Leah remembered it only vaguely, even now. The sudden loss of her baby, the way Joan Goulden had lifted her right from her bassinette and walked out with her, the mass of doctors and nurses who had descended on Leah like a swarm of locusts straight out of the Bible, like they’d all just been waiting for that very moment. It was a well-orchestrated dance, all the moves pre-choreographed, steps those doctors and nurses had taken a hundred, a thousand times, restraining Leah and preventing her from running after the woman who had stolen her baby.
She related the story as matter-of-factly as she could, like Joe Friday said on Dragnet , revealing just the facts, ma’am, watching the lawyer writing everything down on the yellow legal pad, filling up one page and flipping to the next as she talked. Leah answered his questions when he had them, feeling her breath caught in her chest, shallow and light, her heart beating as fast as a bird’s.
She told him what happened, but it was the things she didn’t tell him that tore her apart. How sweet Grace’s little rosebud mouth had been when she made sucking motions in her sleep. How thick her dark hair had been, already curling around the tiny shell of her ear. How the baby’s hand had grasped her mother’s finger, those dark eyes tinted blue as they looked up into Leah’s face. How, the first instant she had looked into her baby’s face, she had fallen in love instantly, more completely and without any reserve, than she ever had or would again in her life.
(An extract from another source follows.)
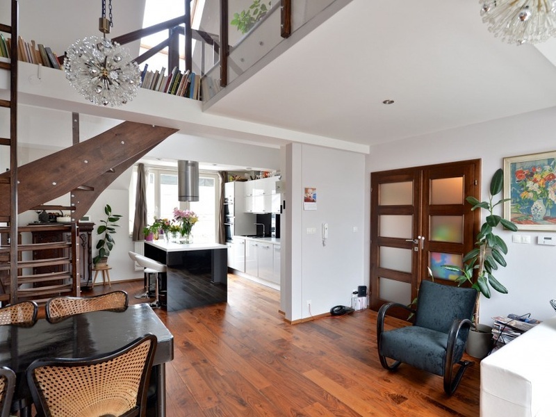 www.abrupt.ru Продается кондиционированная мансардная двухуровневая квартира с ориентированной на запад террасой. Квартира расположена на 6-м и 7-м этажах неоклассического жилого дома с лифтом в привлекательной части Голешовиц (Holešovicе), между парками Стромовка и Летна. Находящаяся под защитой органов охраны памятников истории и культуры часть Праги 7 с отличной инфраструктурой и быстрым доступом к центру города.

Those things weren’t important, not to Donald Highbrow, even though, for Leah, they were the only things that mattered.
“You’re certain that Mrs. Goulden told you they were hospital discharge papers?”
“Yes.” Leah insisted. “She intentionally tricked me.”
“Were there any witnesses to that fact?”
“I don’t know.” Leah cocked her head, trying to remember. “There were no nurses in the room, but it wasn’t a private room. There were other girls with their babies. Someone might have overheard us.”
He nodded, taking more notes. “You were discharged that day, correct?”
“Yes. My mother arrived to take us home but… Grace was gone. And I went home with Rob.”
“But I understand you were readmitted to the hospital two days later?”
“She was…” Rob interjected, squeezing Leah’s hand again. “She had a little breakdown. We called our family doctor in, and after he made a house call, he felt it best to admit her overnight, so he could sedate her more fully… “
“Is that bad?” Leah swallowed shameful tears. “I didn’t mean to. I just… kind of… lost it…”
“I understand.” Donald Highbrow gave her a long, sympathetic look. “It wasn’t your fault. But I need to be honest with you, Leah. You have to understand, if we end up in court, they will use that against you.”
“I was hysterical with grief!” she protested,
“They will twist everything you said or did to fit their purpose,” he explained slowly. “You will be presented as an unwed mother, and that will be bad enough. Most courts would see you as unfit for that reason alone.”
“She won’t be an unwed mother for long,” Rob snapped. Leah saw his jaw working and knew he was angry-really angry.
Donald smiled sadly. “I can’t change the way the world works or how the judge will see things. If we end up in court, they will do everything in their power to show you as unfit, Leah, even if your circumstances have changed. I’ve gone through enough of these cases to know their tactics.”
“But I’m not unfit!” Leah choked, blinking back the tears that threatened.
“I know that,” the lawyer reassured her. “But even your overnight stay in the hospital could be used as proof that you’re mentally unstable.”